How to Pick a Healthy Milk Alternative
Milk used to be a straightforward item in the American diet: It came from a cow and it boosted strong bones. Fin. Now, due to an uptick in vegetarian diets, lactose intolerance, and a desire to move from animal-based sources of protein to plant-based options, there are myriad milk alternatives—from soy, to spelt, to sunflower. “The milk aisle is overwhelming,” says Christine McKinney, a Johns Hopkins nutritionist. “No wonder consumers are confused.”
It’s important to know that plant-based milks are not always a healthier alternative. “They’re not a substitute for eating the actual food product,” McKinney says. You won’t get the same nutritional benefit from a cup of almond milk as you would from actual almonds.

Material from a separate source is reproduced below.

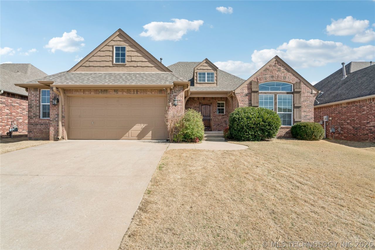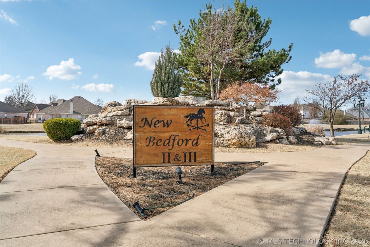 Welcome home to this move-in ready 3-bedroom, 2-bath property featuring a functional single-level split floor plan with 9+ ceilings and a spacious living area with gas fireplace that flows seamlessly into the open kitchen. The kitchen offers granite countertops, island, pantry, and breakfast nook, while a formal dining room provides flexibility for an office or additional living space. The private primary suite includes vaulted ceilings, a large walk-in closet with additional seasonal hanging space, and a full bath with double sinks, soaking tub, and separate shower. Secondary bedrooms are positioned on the opposite side of the home for privacy. Recent improvements include a new roof in 2023 along with updated flooring, interior and exterior paint, lighting, and additional upgrades that enhance both style and function. Located in New Bedford II directly across from the neighborhood pond and fountain, the home offers access to neighborhood pool and park amenities. Exterior features include a covered patio, full privacy fencing, gutters, and a 2-car attached garage with work area. Conveniently located near Broken Arrow schools, shopping, and major highways.

Whether you should switch to a nondairy alternative, and if you do, which plant-based milk you should pick, depends largely on your nutritional priorities. Here’s what to look for:
Prioritize protein. If protein is a concern, keep in mind that only three types of milk contain naturally occurring protein: dairy, soy, and pea milk.
Figure in the fat. Most nondairy milks are low in fat (thefats they do contain are considered healthy ones, according to McKinney) and cholesterol-free.
Check carbs. Grain-based milks, like rice or oat, tend to be high in carbs—up to 10 times the amount in almond milk.
Screen sugars. Many milks are sweetened and flavored, which means laden with added sugars. Go unsweetened.
View vitamin values. Dairy milk has added calcium and vitamin D, so look for plant-based options that are similarly fortified.
Interrogate the ingredients. Some added ingredients, like fortified vitamins, are OK. Others, like sugars or thickeners (think carrageenan or ingredients ending in “gum”), aren’t. “The longer the list, the more of a red flag it could be,” McKinney says. “Usually, the cleaner a product is, the fewer ingredients it has.”